Pau Oller (Twitter) nos comparte una reflexión a cerca de lo que envuelve el acto de comer, más allá de la propia acción en sí:

«Para alguien poco existencialista, el sentido de la vida podría ser obtener energía, gastarla y repetir el proceso hasta el fin de nuestros días. Independientemente de la cantidad de verdad que hay en esta idea, los seres vivos que pertenecemos al reino animal comemos alimentos que nos aporten nutrientes. Transformamos los nutrientes en energía, y la gastamos  en actividades que promuevan la supervivencia o la reproducción.

Y todo ello, mediado por dos grandes estímulos: el placer y el dolor. Y en menor medida por la razón. A corto plazo, desde el punto de vista estrictamente biológico, comer es un acto que genera placer y de alguna manera nos aleja del dolor (sensación de hambre). A la sensación de recompensa que genera saciar el hambre, le hemos ido sumando otras muchas atribuciones que multiplican la sensación que sentimos al comer: sentirnos cuidados, estar rodeados de seres queridos, etc. De ahí que el acto de comer, pueda llegar a generar un estímulo de recompensa extremadamente potente.

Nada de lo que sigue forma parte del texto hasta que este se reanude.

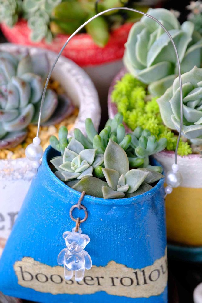 🔵爽やかなブルーのリメ鉢に🧸のチャームも涼しげで可愛い❤️
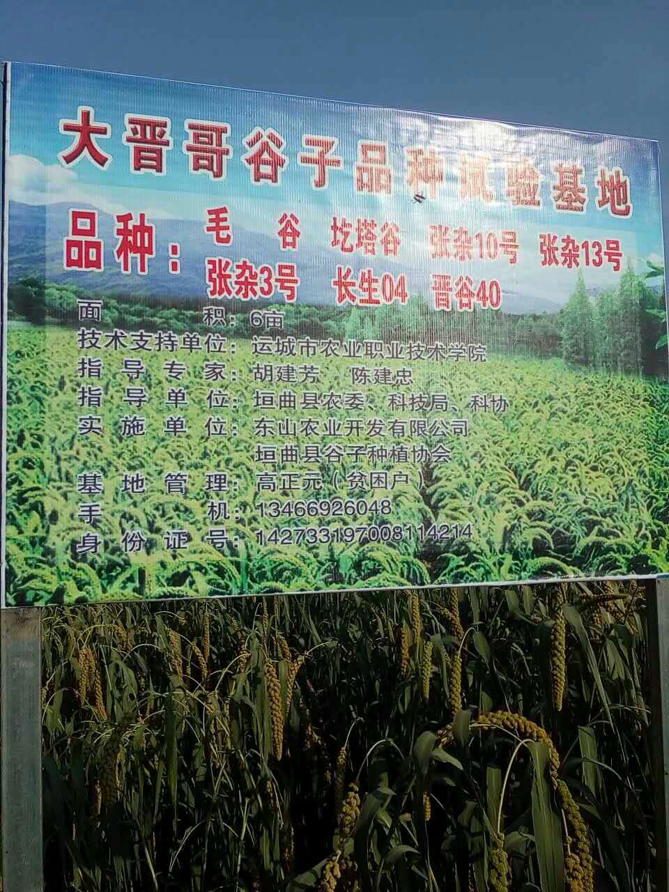 “大晋哥”小米功能配料及食品开发现代农业示范园是taptap点点与垣曲县东山农业开发有限公司校企合作的代表之一,主要进行谷子的种植区划、优良品种筛选、加工、营销等方面的深度融合,已取得初步成果,胡建芳、陈建中二位博士技术指导的大晋哥谷子品种试验基地喜获丰收,筛选工作正在稳步推进。
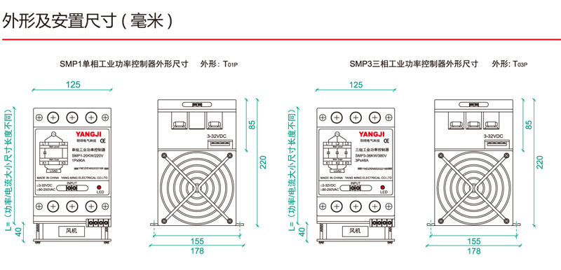 安全注意事項(xiàng): 1. 本控制器規(guī)格不同其外形安裝尺寸各有不同,選型時對照規(guī)格設(shè)計留有安裝空間。 2. 模塊電流規(guī)格選用應(yīng)考慮到電網(wǎng)電壓的波動和負(fù)載啟動時的瞬間電流沖擊。環(huán)境條件, 散熱條件因素,建議留有適當(dāng)余地. 為確保模塊長期可靠工作。 3. 過壓過流保護(hù): 在模塊輸出端并接( 電壓800-900V) 壓敏電阻可有效的過壓保護(hù), 主回路串接快速熔斷器或斷路開關(guān)作為過流保護(hù),取值為實(shí)際負(fù)載電流的1.5 倍。 4. 送電中,請勿碰觸模塊任何接線端子以避免觸電; 更換保險絲前,請務(wù)必關(guān)閉電源系統(tǒng),以避免觸電。

La recompensa que sentimos al comer viene mediada por factores estrictamente relacionados con la sensación de saciedad (el tipo de alimentos y la cantidad), pero también con otros factores del contexto en el que se realiza la ingesta (experiencia y compañía). Con experiencia me refiero al vínculo que tenemos con los alimentos que comemos, pero también con el espacio (la temperatura, luz…), los cubiertos, el mantel, etc. ¡E incluso diría más! A la sensación de recompensa, le sumamos un estímulo aún más potente que es el sentido que le damos al acto de comer: comer puede significar tener comida para alguien que no la ha tenido, puede significar parar del trabajo para descansar y coger fuerzas para seguir, etc. Imagina tener mucha hambre. Llegar a casa, elegir los alimentos y cocinar algo sabroso. O mejor aún llegar a casa y sentir el olor de algo sabroso que un ser querido te está cocinando.

Imagino comer en una mesa con un mantel suave y una buena cubertería, en un espacio con la temperatura perfecta, la luz perfecta y rodeados personas queridas. Y encima sentir atribuir al acto de comer lo que significa para alguien que ha pasado hambre. ¡Qué placer! sólo hay algo que pueda generar una sensación de placer similar, con muchísimo menos esfuerzo: un montón de ultraprocesados.

Como en la mayoría de las cosas, en nuestro día a día, muchos vivimos en una escala de grises: quizás comemos algo bastante sabroso, que nos conecta con nuestra familia porqué lo hemos comida en casa desde pequeños. Pero lo hacemos con cierta prisa o en un entorno poco agradable, o simplemente atormentados por el análisis racional de lo que vamos a comer (si aporta calorías…), por lo que hacemos de más y de menos para llenar una recompensa insuficiente.

En el mejor de los casos añadimos un poco más de cantidad y añadimos un trozo de chocolate de postres. En el peor, descartamos cualquier alimento saludable para cambiarlo por ultraprocesados y encima nos sentimos culpables o sucios, ya que estamos comiendo aquello que entre todos hemos llamado comida basura (sin entrar a discutir cuanto de basura es o no es), y todo ello favorecido por el sistema económico en el que vivimos, empresas que buscan vender ultraprocesados y poca educación para intentar equilibrar la balanza.

El camino para dejar de sufrir por la comida tiene varias rutas, pero posiblemente la recuperación del placer por el acto de comer pueda ser la indicada. Lo podríamos llamar, la revolución del placer.»